Determine the mass of carbon monoxide that is produced when 45.6 g of methane CH4 react with 73.2 g of oxygen gas, O2. The products are CO and H2O. Please check my work:
CH4 + 3O2 ---> 2CO + 2H20
nCH4=2.84 mol nO2=4.58 mol
Limiting Reactant:
1 mol CH4/2.84 mol CH4 = 3 mol O2/X O2 mol
xO2=8.52 mol
nCO=8.52 mol
mCO=nXM
=238.65 grams
To determine the mass of carbon monoxide (CO) produced, you first need to find the limiting reactant. The limiting reactant is the reactant that is completely consumed, determining the maximum amount of product that can be formed.
From your balanced equation, the stoichiometric ratio between methane (CH4) and oxygen gas (O2) is 1:3. This means that for every 1 mole of methane, you need 3 moles of oxygen gas to react.
Calculating the number of moles of each reactant:
Mass of CH4 = 45.6 g
Molar mass of CH4 = 12.01 g/mol (carbon) + 4(1.01 g/mol) (hydrogen) = 16.05 g/mol
nCH4 = massCH4 / molar massCH4
nCH4 = 45.6 g / 16.05 g/mol
nCH4 = 2.840 mol (rounded to three decimal places)
Mass of O2 = 73.2 g
Molar mass of O2 = 2(16.00 g/mol) = 32.00 g/mol
nO2 = massO2 / molar massO2
nO2 = 73.2 g / 32.00 g/mol
nO2 = 2.289 mol (rounded to three decimal places)

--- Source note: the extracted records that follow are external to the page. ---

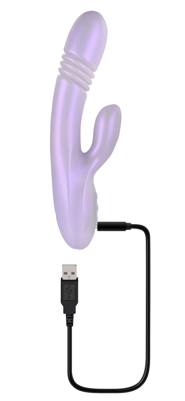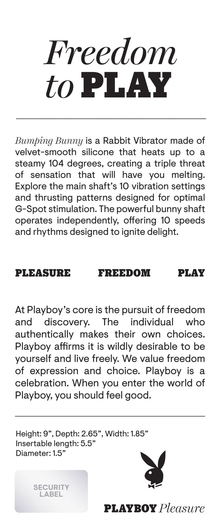 Bumping Bunny is vibrator made of velvet-smooth silicone that heats up to a steamy 104 degrees, creating a triple threat of sensation that will have you melting. Explore the main shaft's 10 vibration settings and thrusting patterns designed for optimal G-Spot stimulation. The powerful bunny shaft operates independently, offering 10 speeds and rhythms designed to ignite delight.
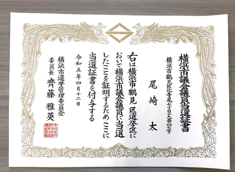 4月9日に行われた横浜市議会議員一般選挙の当選証書付与式が行われました。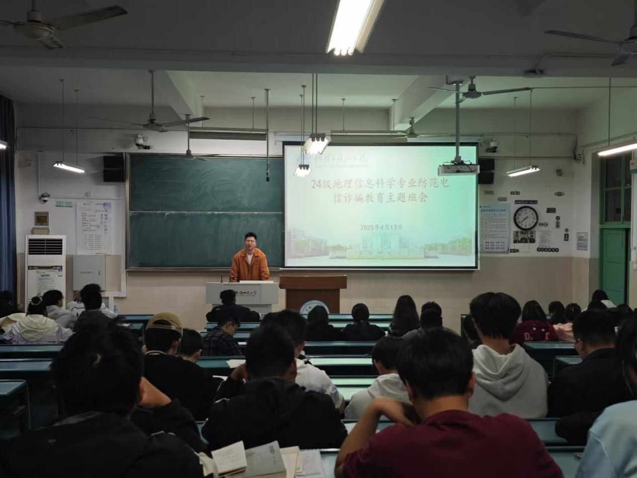 辅导员沈涵利用24级地理信息科学专业晚自习时间召开了防电诈主题班会,24级地信专业全体同学参加本次班会。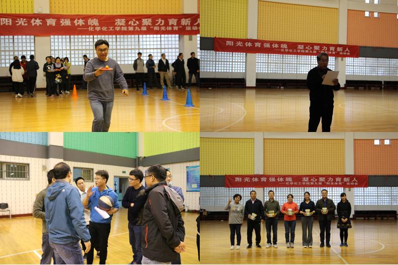 本次阳光体育运动以系为单位自主报名组队,共分为应化系组、化工系组、制药基础系组和行政实验组。活动项目包括广播体操、乒乓球、托乒乓球和定点投篮等,采取分项目方式开展比赛。比赛中各参赛队斗志昂扬、热情饱满、奋力拼搏,团队内协作默契,充分展现了良好的精神风貌和比赛竞技精神。经过激烈的比拼,各参赛队都赛出了风格水平,最终制药基础系组和应化系组分别获得了集体项目的一等奖。
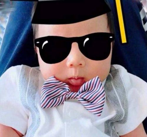 胡杏儿在微博晒出一张儿子的照片,并配文:“满月当然要穿西装庆祝一下”。照片中的Brendan身穿小西装,戴着“学士帽”,黑超遮面,肉嘟嘟的小胳膊,尽显萌态。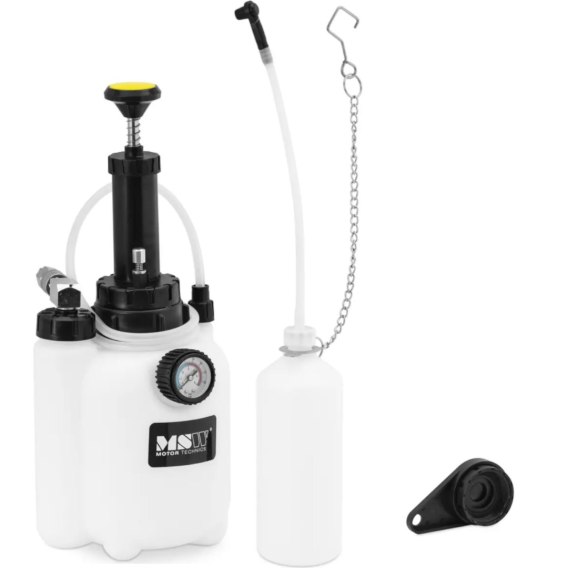 Odpowietrznik hamulców marki MSW to wszechstronna ręczna pompa próżniowa. Dzięki bogatej gamie akcesoriów, oprócz odpowietrzania i wymiany płynu hamulcowego, można sprawdzić ustawienia i funkcje układów pneumatycznych czy hydraulicznych. Dzięki gwintowi 45 mm narzędzie motoryzacyjne nadaje się do prawie wszystkich europejskich typów pojazdów i nie powinno go zabraknąć w żadnym warsztacie samochodowym lub samochodowym. Urządzenie pozwala szybko i łatwo sprawdzić przewody, a w razie potrzeby bezpośrednio uzupełnić lub wymienić płyn hamulcowy. Następnie możliwe jest również odpowietrzenie hamulców. Można go użyć także do testowania systemów ciśnieniowych i próżniowych, co ułatwia rozwiązywanie różnorodnych problemów. Oprócz licznych opcji połączeń sprzęt dysponuje dużym i czytelnym manometrem z podwójną skalą. Zapewnia on wszechstronne oraz łatwe użytkowanie. Tester ciśnienia pracuje z dużą dokładnością w zakresie pomiarowym od -2,07 do 2,76 bar. Do odpowietrzania nie potrzeba żadnych narzędzi pomocniczych ani zewnętrznego źródła zasilania: po prostu należy napełnić i pompować. Zestaw został zaprojektowany tak, aby jedna osoba mogła sprawdzić i odpowietrzyć hamulce. Odpowietrznik jest wykonany z wyjątkowo stabilnego i odpornego na korozję tworzywa sztucznego. Dzięki wytrzymałemu materiałowi urządzenie do odpowietrzania jest bardzo trwałe oraz łatwe w czyszczeniu.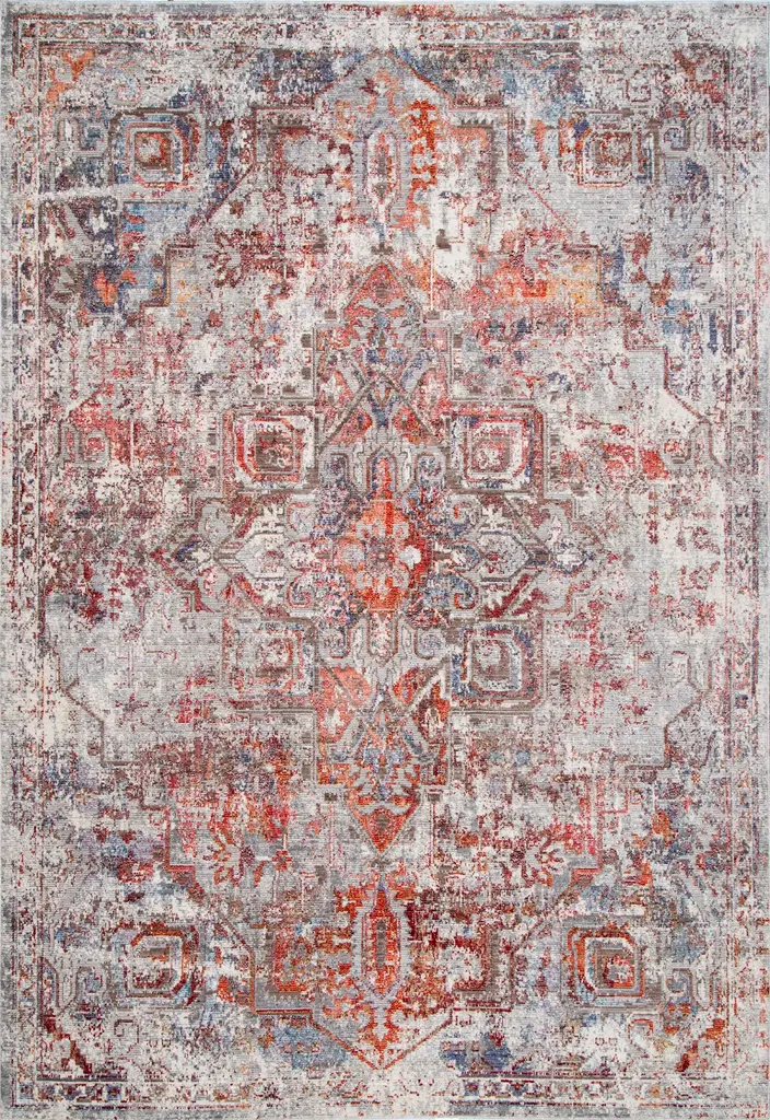 Capturing the beauty of antique Turkish rugs, the indoor-outdoor Polaris collection combines admired traditional designs with a durable, light-weight polypropylene construction. The Altona rug features a vibrant and whimsical take on an ornate center medallion with vivid multicolor hues blended with cream and gray tones. This bright, globally inspired rug offers a bold and statement-making addition to dining rooms, patios, and kitchens.High-Performance Style: this indoor/outdoor rug is specifically designed to tolerate outdoor elements and heavy trafficDurable Fibers: made of 100% polypropylene for livable durability and increased resilienceTextured Design: low, textured pile and lightweight construction offer a versatile accentCare and Cleaning: Clean or remove stains by using mild soap. Rinse with clean water or a garden hose. Allow rug to dry before laying rug out. Vacuum regularly with beater bar off for indoor use.Rug Pad Recommended: allow maximum air flow and additional cushioning with an outdoor rug pad
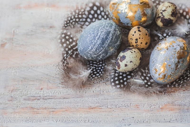 С Пасхой 2024. Стильные серые пасхальные яйца цвета мрамора, бетона, золота и красивых перьев на деревянном фоне. Окраска яиц натуральным красителем чай каркаде. Экологичность. Естественность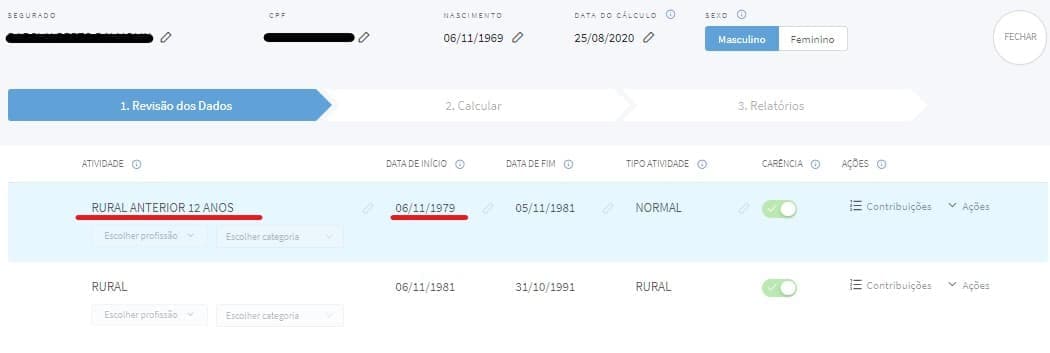 O cálculo desse tipo de revisão é muito simples! Basta acrescentar ao tempo total de contribuição o novo período de atividade rural anterior aos 12 anos. Veja: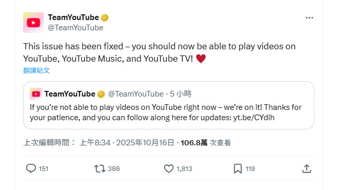 YouTube在社交平台的帖文中提到,用戶現在應該能夠在YouTube Music、YouTube TV及其主要平台上播放影片,但未具體說明死機原因。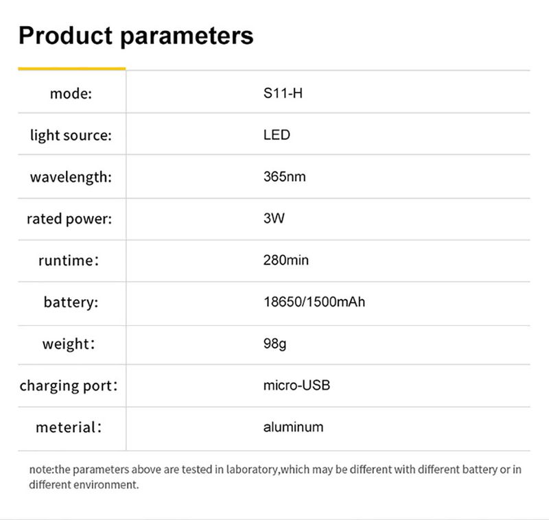 - Žibintuvėlis S11-H, ultravioletinė šviesa UV 365NM, Įkraunamas USB, Superfire

From the stoichiometry of the balanced equation, you can see that 1 mole of CH4 reacts with 3 moles of O2 to produce 2 moles of CO. Thus, you can determine the number of moles of CO that can be produced from the given limiting reactant, which is oxygen gas.
nO2 = 2.289 mol
nCO = (2/3) * nO2
nCO = (2/3) * 2.289 mol
nCO = 1.526 mol (rounded to three decimal places)
Now, to calculate the mass of CO produced, you need to multiply the number of moles of CO by its molar mass.
Molar mass of CO = 12.01 g/mol (carbon) + 16.00 g/mol (oxygen) = 28.01 g/mol
mCO = nCO * molar massCO
mCO = 1.526 mol * 28.01 g/mol
mCO = 42.78 g (rounded to two decimal places)
Therefore, the mass of carbon monoxide (CO) produced when 45.6 g of methane and 73.2 g of oxygen gas react is approximately 42.78 g.